Quickstart with Python
This Python application creates an example workflow with two steps.
# starter_workflow.py
import json
import os
import boto3
from utils import setup_s3_client
STARTER_WORKFLOW = {
'title': 'Example 2-step workflow',
'run': [
{'cmd': """bash -c 'echo "Do Step 1"'""", 'machine': 'basic', 'no_output': True},
{'cmd': """bash -c 'echo "Do Step 2"'""", 'machine': 'basic', 'no_output': True},
],
}
if __name__ == '__main__':
s3 = setup_s3_client()
# Upload the file to S3 and the workflow will start automatically
s3.put_object(
Body=json.dumps(STARTER_WORKFLOW).encode('utf-8'),
Bucket=os.environ.get('LD_S3_BUCKET'),
Key='in/example',
Metadata={'ld_run': 'true'},
)
You can start the workflow by running the script:
$ python starter_workflow.py
Setup S3 Client Dynamically (Recommended)
line^d uses temporary AWS credentials, which we rotate every ~6 hours for enhanced security. We recommend loading your Heroku config dynamically to get the latest credentials on your local machine at run time. Here’s an example using Python and the Heroku CLI:
import json
import os
import subprocess
import boto3
def setup_local_env():
"""Add Heroku Config variables to local environment"""

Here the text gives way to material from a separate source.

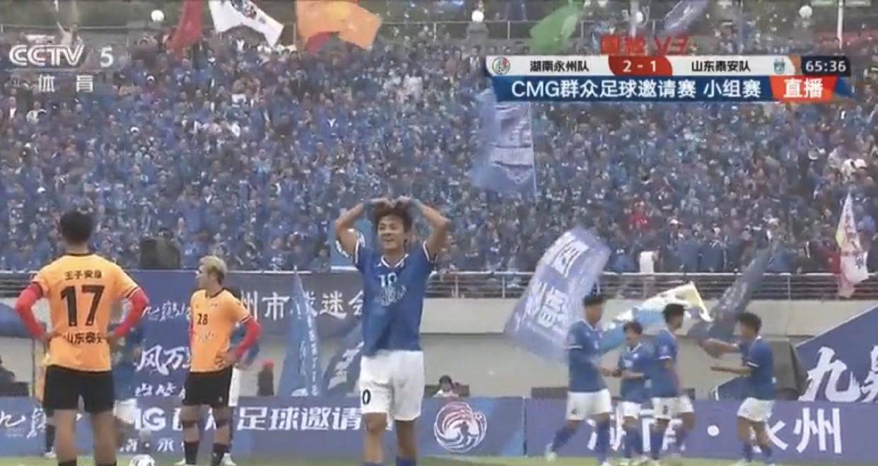 今天下午,永州体育场彻底沸腾了。 2026“九嶷山”CMG群众足球邀请赛在这里打响揭幕战,东道主湖南永州队迎战山东泰安队。 央视的直播镜头对准了这片草根球场,全国观众都看到了,什么叫做“开场即高潮”。

heroku_config_out = subprocess.check_output('heroku config -j', shell=True)
heroku_env = json.loads(heroku_config_out)
for k, v in heroku_env.items():
os.environ[k] = v
def setup_s3_client(local=False):
if local:
setup_local_env()
aws = boto3.session.Session(
aws_access_key_id=os.environ.get('LD_AWS_ACCESS_KEY_ID'),
aws_secret_access_key=os.environ.get('LD_AWS_SECRET_ACCESS_KEY'),
aws_session_token=os.environ.get('LD_AWS_SESSION_TOKEN'),
region_name=os.environ.get('LD_REGION', 'us-east-1'),
)
return aws.client('s3')
Setup Local Environment (Static)
After provisioning, you can replicate your line_d
config locally for development environments.
Use the local
Heroku CLI command to configure, run, and manage process types specified in your app’s Procfile. Heroku Local reads configuration variables from a .env
file. Use heroku config
to view an app’s configuration variables in a terminal. Use the following command to add configuration variables to a local .env
file:
$ heroku config:get LD_AWS_ACCESS_KEY_ID -s >> .env
$ heroku config:get LD_AWS_SECRET_ACCESS_KEY -s >> .env
$ heroku config:get LD_AWS_SESSION_TOKEN -s >> .env
$ heroku config:get LD_REGION -s >> .env
Don’t commit credentials and other sensitive configuration variables to source control. In Git exclude the .env
file with: echo .env >> .gitignore
.
For more information, see the Heroku Local article.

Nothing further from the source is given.